(Saved entries)

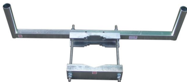
STR20 + RJS1000-STR
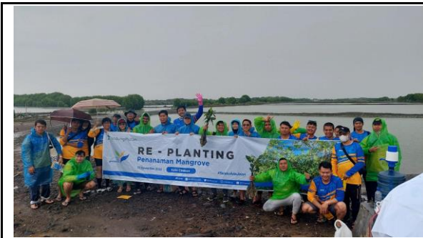
Gambar 1. Foto Peserta Penanaman
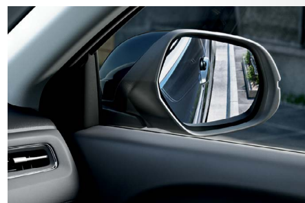
Retrovisores com rebatimento elétrico e função tilt-down.
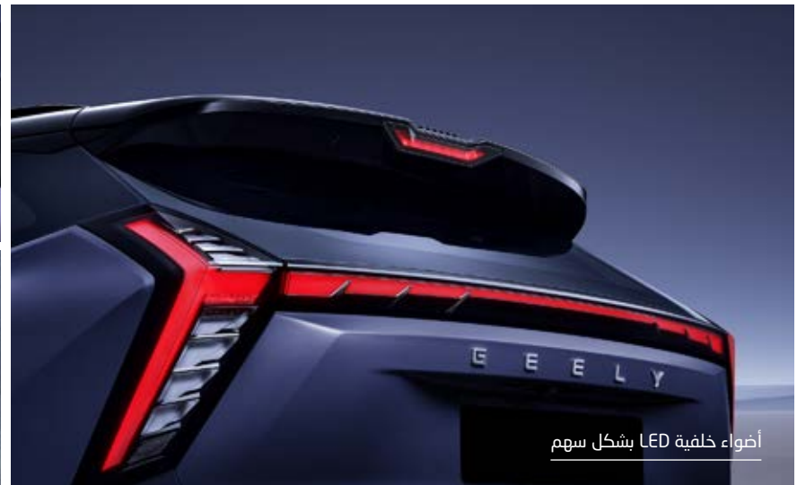
أضواء خلفية LED بشكل سهم
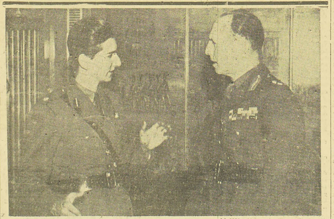
DEUX SOUVERAINS AMIS LL.M.M. Pierre de Yougoslavie et Georges de Grèce après la signature du pacte grec-yougoslave.

Londres, 27. — (REUTER). — M. J. L. Garvin a démissionné de son poste de rédacteur en chef de l'«Observer».
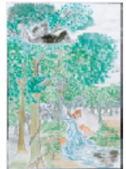
モニカ・アディアンボ ・アレゴ (14才、ケニア)
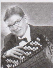
NORDSTRØMMEN og VELFJORD TREKKSPILKLUBB
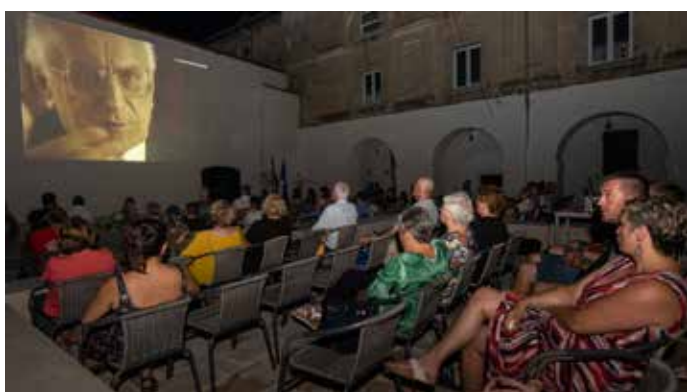
Film Bilo jednom u Hrvatskoj
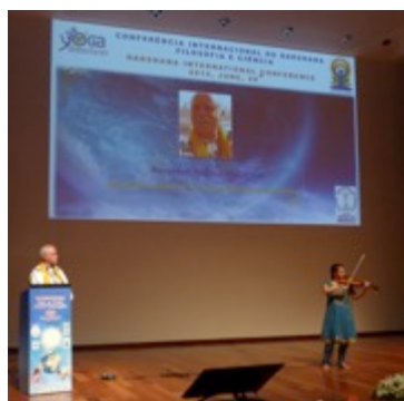
Reverend Patrick McCollum USA
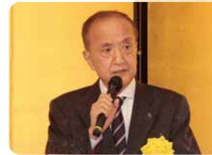
前川練馬区長 祝辞
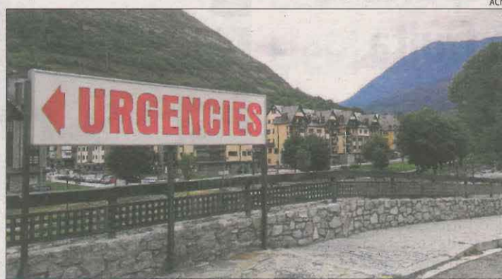
Imatge d'arxiu de l'Espitau de Vielha.

Quant al risc de rebrot, el Pallars Sobirà, la Val d'Aran i el Pla d'Urgell són els territoris catalans amb més taxes, amb 2.467, 1.149 i 959 punts,
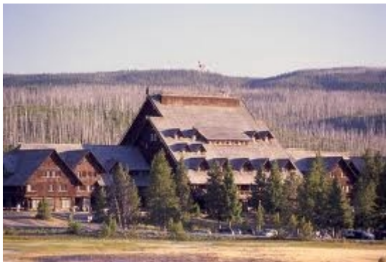
Upgrade möglich z.B. Old Faithful Inn (direkt am Geysir gelegen)

Zimmer Frontside 2 Übern./Zimmer Mehrpreis €220
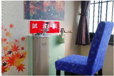
「きらら」仕様の椅子
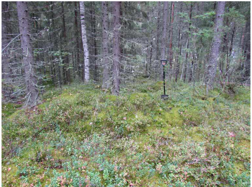
Kuva 14. Tervahauta 2 kuvattuna lännestä. Lappio haudan vallin päällä.
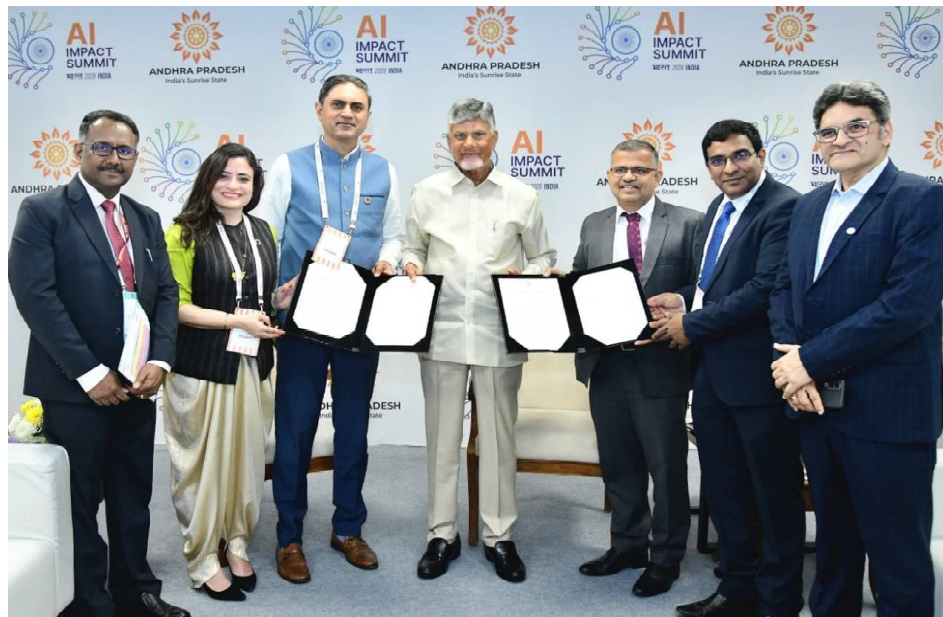
అందిస్తున్నారనేలా విద్యార్థులు, యువతకు ఏఐ - క్యాంటమ్ రంగాల్లో శిక్షణ, ప్రభుత్వ శాఖల్లో ఏఐ - క్యాంటమ్ వినియోగం, టెక్నాలజీ ద్వారా ప్రజలకు సేవలను సులభతరం చేయడం వంటి అంశాలపై రాష్ట్ర ప్రభుత్వం దృష్టి సారించింది.

న్యూఢిల్లీ, ఫిబ్రవరి 20, క్రైమ్ కౌంటర్ న్యూస్): ఢిల్లీలోని భారత్ మండపంలో జరుగుతున్న ఇండియా ఏఐ ఇంఫాక్ట్ సమ్మిట్-2026లో ఏపీ సీఎం చంద్రబాబు నాయుడు పాల్గొన్నారు. ప్రపంచ క్యాంటమ్ - ఏఐ రంగాలకు చెందిన దిగ్గజ సంస్థల ప్రతినిధులు ఈ సందర్భంగా హాజరయ్యారు. ఈ సందర్భంగా ఐటీఎం సహా వివిధ ప్రముఖ సంస్థలతో సీఎం చంద్రబాబు సమక్షంలో రాష్ట్ర ప్రభుత్వం ఒప్పందాలు (ఎంఓయూలు) కుదుర్చుకుంది. ఏపీలో క్యాంటమ్ - ఏఐ రంగాల్లో నైపుణ్యాభివృద్ధి, మౌలిక వసతుల అభివృద్ధి కల్పించే దిశగా ఏడు ఒప్పందాలు కుదుర్చుకుంది సర్కార్. ఏపీని క్యాంటమ్ - ఏఐ హబ్ గా తీర్చిదిద్దడం... అమరావతిలోని క్యాంటమ్ వ్యాపకీ జాతీయ, అంతర్జాతీయ స్థాయి గుర్తింపు తెచ్చేలా ప్రభుత్వం ఒప్పందాలు చేసుకుంది. భవిష్యత్ టెక్నాలజీని
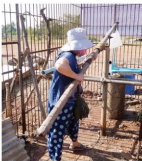
สูบน้ำเกลือใต้ดิน
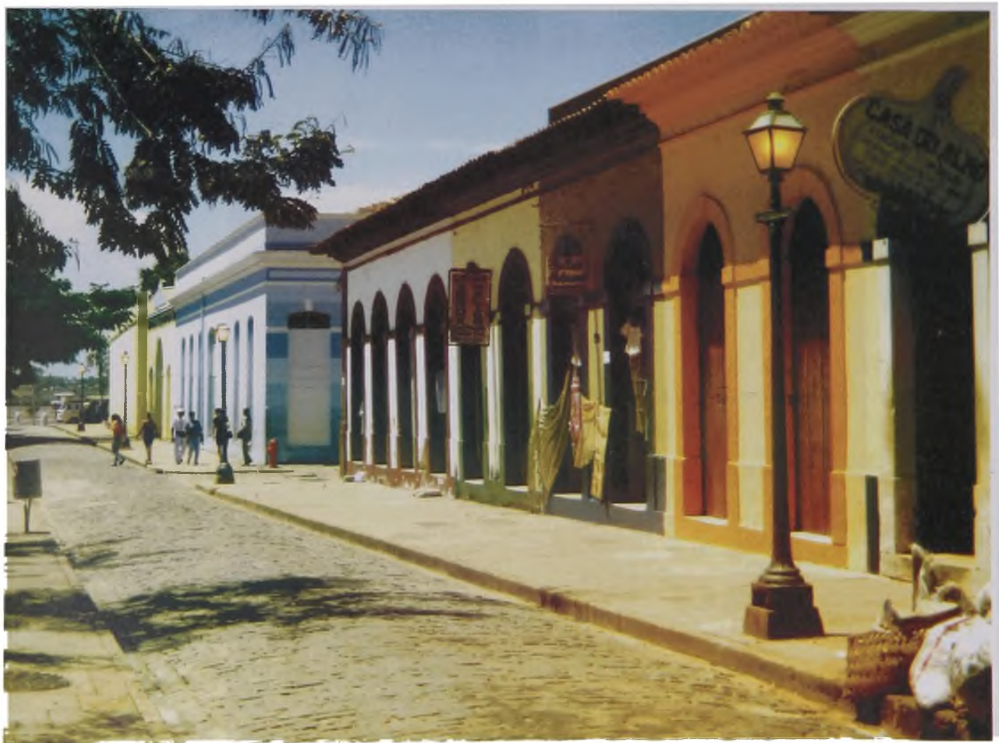
Figura 9 - São Luís do Maranhão – A revitalização cênica Fonte: Francine Cramacho
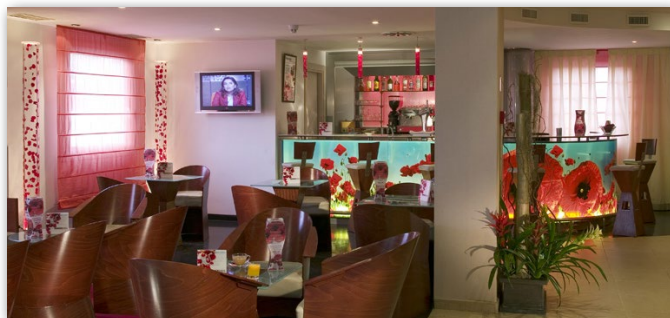
AVDA. SAN MARTÍN DE VALDEIGLESIAS, 4 / 28922 - ALCORCÓN

El ibis hotel en Alcorcón Tres Aguas está a 15 minutos del Centro de Madrid en transporte público. Igualmente, se encuentra a 7 km del Recinto Ferial de la Casa de Campo , el Zoo y el Parque de Atracciones.
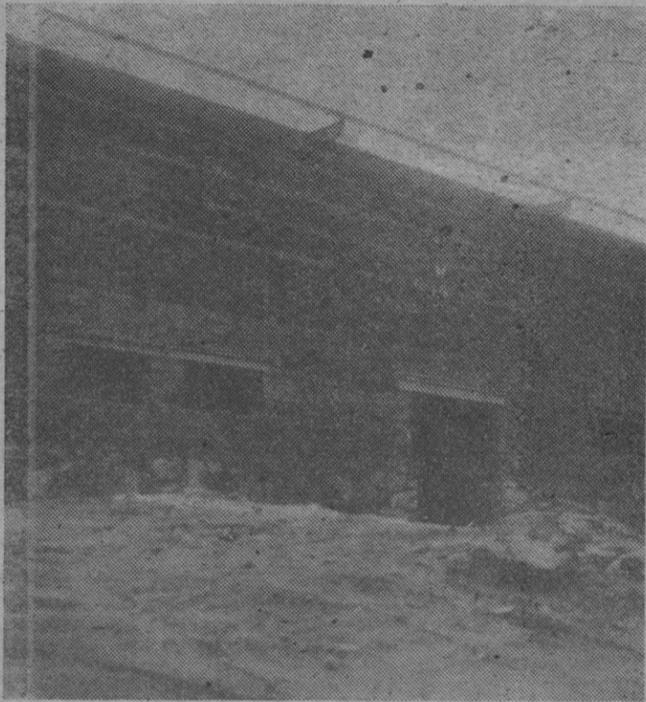
Ladrillo a ladrillo, los vestuarios van tomando forma

Pues señor; que ahora resulta—gracias sean dadas por bien del deporte—que en los campos de la provincia además de florecer el trigo o los garbanzos, junto a los que crece el pino, también se «siembran» estadios para la práctica del fútbol. Ahí lo estamos viendo en algunas localidades segovianas, a las que en un futuro no lejano se sumarán otras. Es alentador comprobar cómo el hormigón y el hierro van tomando forma y de aquí a no mucho tiempo la muchachada podrá correr tras el balón en busca del gol de la victoria—¿y quién sabe?—si también en pos del contrato para un club de campanillas.

§ **What is being asked**
Reproduce the lines above starting at the one with "モニカ・アディアンボ ・アレゴ (14才、ケニア)" and ending at the one with "Kuva 14. Tervahauta", both included, exactly and with no pictures.

§ **Result of the exercise**
モニカ・アディアンボ ・アレゴ (14才、ケニア)
NORDSTRØMMEN og VELFJORD TREKKSPILKLUBB
Film Bilo jednom u Hrvatskoj
Reverend Patrick McCollum USA
前川練馬区長 祝辞
Imatge d'arxiu de l'Espitau de Vielha.

Quant al risc de rebrot, el Pallars Sobirà, la Val d'Aran i el Pla d'Urgell són els territoris catalans amb més taxes, amb 2.467, 1.149 i 959 punts,
Upgrade möglich z.B. Old Faithful Inn (direkt am Geysir gelegen)

Zimmer Frontside 2 Übern./Zimmer Mehrpreis €220
「きらら」仕様の椅子
Kuva 14. Tervahauta 2 kuvattuna lännestä. Lappio haudan vallin päällä.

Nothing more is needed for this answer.